Rollup merge of #143708 - epage:pretty, r=compiler-errors

fix: Include frontmatter in -Zunpretty output In the implementation (rust-lang/rust#140035), this was left as an open question for the tracking issue (rust-lang/rust#136889). My assumption is that this should be carried over. The test was carried over from rust-lang/rust#137193 which was superseded by rust-lang/rust#140035. Thankfully, either way, `-Zunpretty` is unstable and we can always change it even if we stabilize frontmatter.
author: Matthias Krüger <476013+matthiaskrgr@users.noreply.github.com> 2025-07-11 07:35:21 +0200
committer: GitHub <noreply@github.com> 2025-07-11 07:35:21 +0200
commit: dbd2f303953e66db33f15bb78e2fbf23ca557b13 (patch)
tree: d1b1b0fc1dcc92075d3d909641b0376e7feb7aa0 /compiler
parent: 140f2fa5ae32814cd3915adbb86af8b93efce9c4 (diff)
parent: a11ee5614c052d6339c56c2673780468c96dbc16 (diff)

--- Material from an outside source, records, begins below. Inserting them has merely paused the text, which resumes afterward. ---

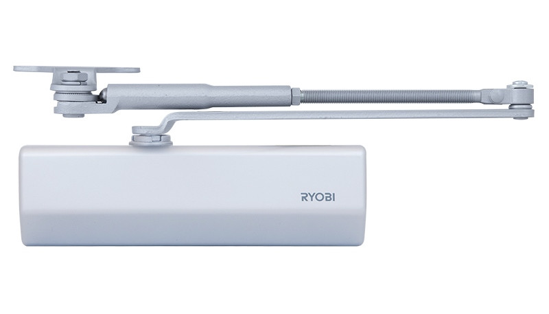 Дотягувач дверний накладний RYOBI DS-1554P PRL до 60 кг сріблястий DS-1554P PRL — дотягувач накладного типу для внутрішніх і зовнішніх дверей класу 2/3. Регулювання класу дотягувача відбувається через переміщення його дверним полотном. Технічні характеристики Клас 2/3. Максимальна вага дверей – до 60 кг. Максимальна ширина дверей – 965 мм. Регулювання початкової та кінцевої швидкостей закриття. Ресурс експлуатації – 1 000 000 циклов. Робоча температура — від -20 °C до +45 °C. Розміри — 223х67х52 мм. Комплектація Комплект кріплення, тяга паралельна з фіксацією, пластикова декоративна кришка. Компанія Ryobi Limited була створена 1943 року як виробник високоякісного лиття для японської промисловості. Надалі Ryobi Limited розширила своє виробництво й на сьогодні є компанією світового класу, що виробляє друковане обладнання, електроінструменти, будівельні вироби та ін. Дверні дотягувачі японського виробника RYOBI є зразком високої якості, надійності та стильного дизайну. RYO7000009856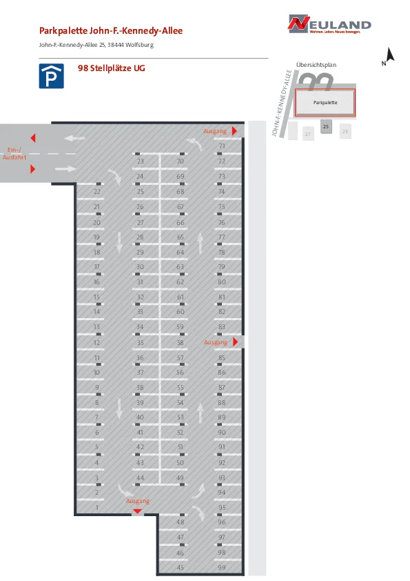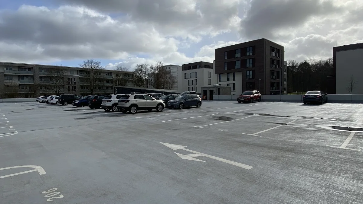 Sie erreichen die Parkpalette direkt über die John-F.-Kennedy-Allee. Das Obergeschoss wurde vor kurzem durch uns saniert. Auch das Mittelgeschoss sowie das Untergeschoss befinden sich aktuell in der Sanierung. Auch E-Lademöglichkeiten sind hier zukünftig geplant.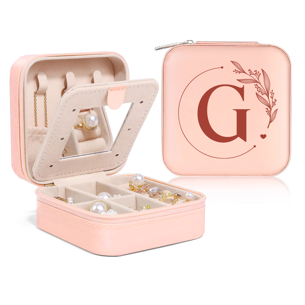 Personalized Jewelry Box, Pink Small Travel Jewelry Box with Initial G, Monogrammed Jewelry Case Organizer for Girls Women Teen, Mini Travel Essentials Gifts for Christmas Birthday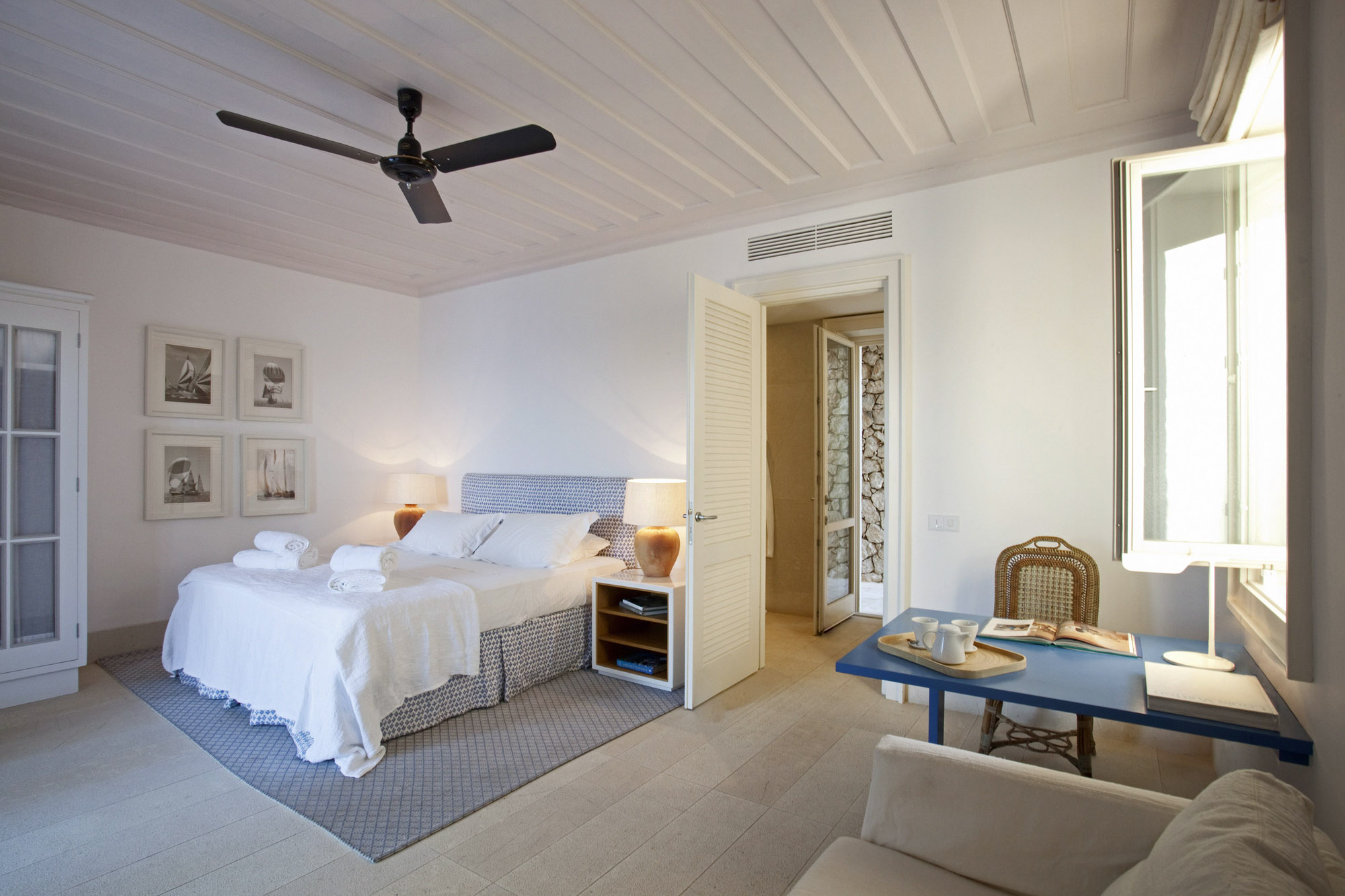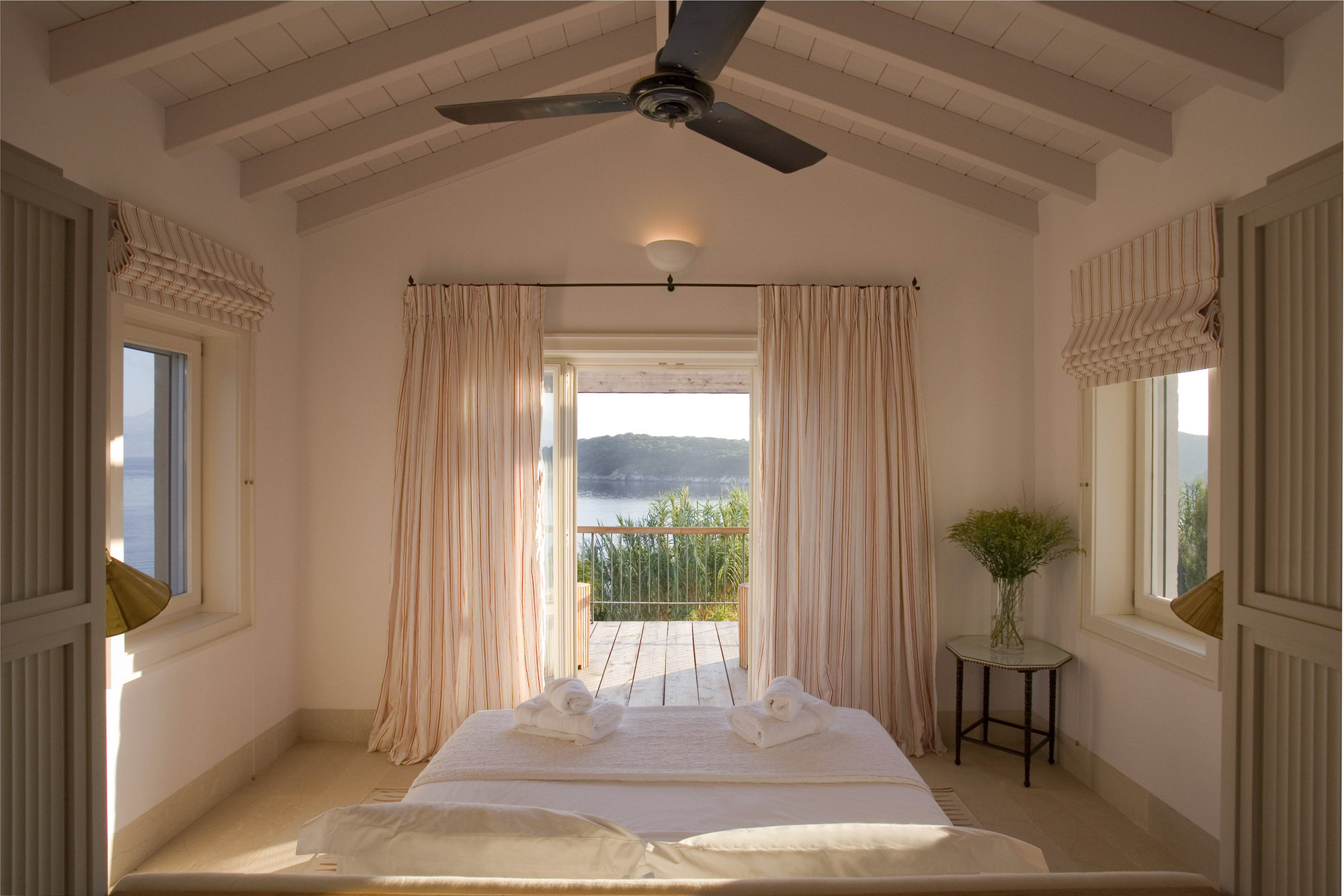 The master suite has both its own balcony and private courtyard with outside shower and seating area. Wellness facilities include a fully equipped, air conditioned, gym, yoga mats and a separate massage/treatment room.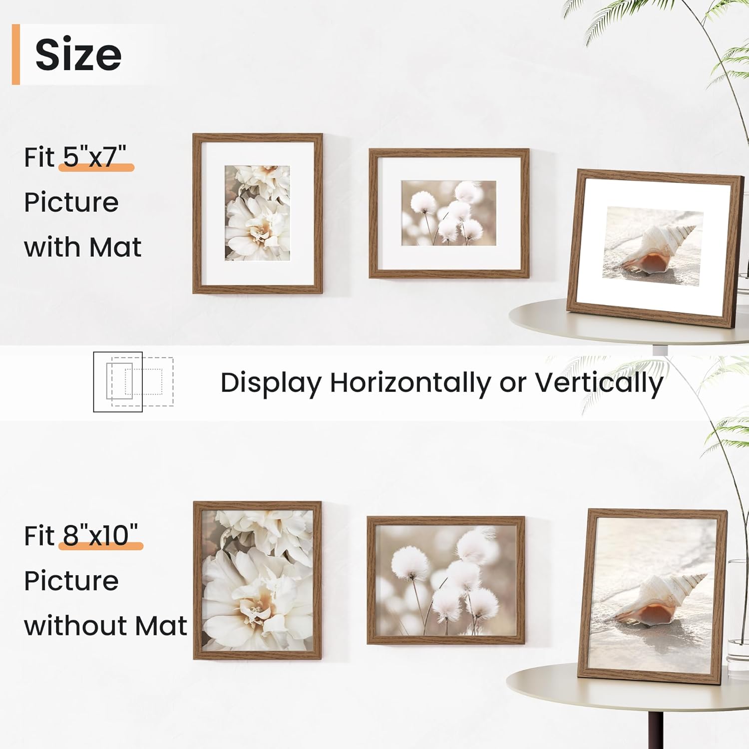 8x10 inch Picture Frame, 8x10 Photo Frames with 5x7 Removable Mat - High Definition Plexiglass - Vertical and Horizontal Display - Wall Hanging Frame - Walnut Color, 12 Pack

download: rust-dbd2f303953e66db33f15bb78e2fbf23ca557b13.tar.gz
rust-dbd2f303953e66db33f15bb78e2fbf23ca557b13.zip
3 files changed, 113 insertions, 13 deletions
diff --git a/compiler/rustc_ast_pretty/src/pprust/state.rs b/compiler/rustc_ast_pretty/src/pprust/state.rs
index aff98c63bcb..def0cb74d29 100644
--- a/compiler/rustc_ast_pretty/src/pprust/state.rs
+++ b/compiler/rustc_ast_pretty/src/pprust/state.rs
@@ -120,7 +120,7 @@ fn gather_comments(sm: &SourceMap, path: FileName, src: String) -> Vec<Comment>
         pos += shebang_len;
     }
 
-    for token in rustc_lexer::tokenize(&text[pos..]) {
+    for token in rustc_lexer::tokenize(&text[pos..], rustc_lexer::FrontmatterAllowed::Yes) {
         let token_text = &text[pos..pos + token.len as usize];
         match token.kind {
             rustc_lexer::TokenKind::Whitespace => {
@@ -171,6 +171,14 @@ fn gather_comments(sm: &SourceMap, path: FileName, src: String) -> Vec<Comment>
                     })
                 }
             }
+            rustc_lexer::TokenKind::Frontmatter { .. } => {
+                code_to_the_left = false;
+                comments.push(Comment {
+                    style: CommentStyle::Isolated,
+                    lines: vec![token_text.to_string()],
+                    pos: start_bpos + BytePos(pos as u32),
+                });
+            }
             _ => {
                 code_to_the_left = true;
             }
diff --git a/compiler/rustc_lexer/src/lib.rs b/compiler/rustc_lexer/src/lib.rs
index e30dbe80248..e80196ed567 100644
--- a/compiler/rustc_lexer/src/lib.rs
+++ b/compiler/rustc_lexer/src/lib.rs
@@ -273,14 +273,15 @@ pub fn strip_shebang(input: &str) -> Option<usize> {
     if let Some(input_tail) = input.strip_prefix("#!") {
         // Ok, this is a shebang but if the next non-whitespace token is `[`,
         // then it may be valid Rust code, so consider it Rust code.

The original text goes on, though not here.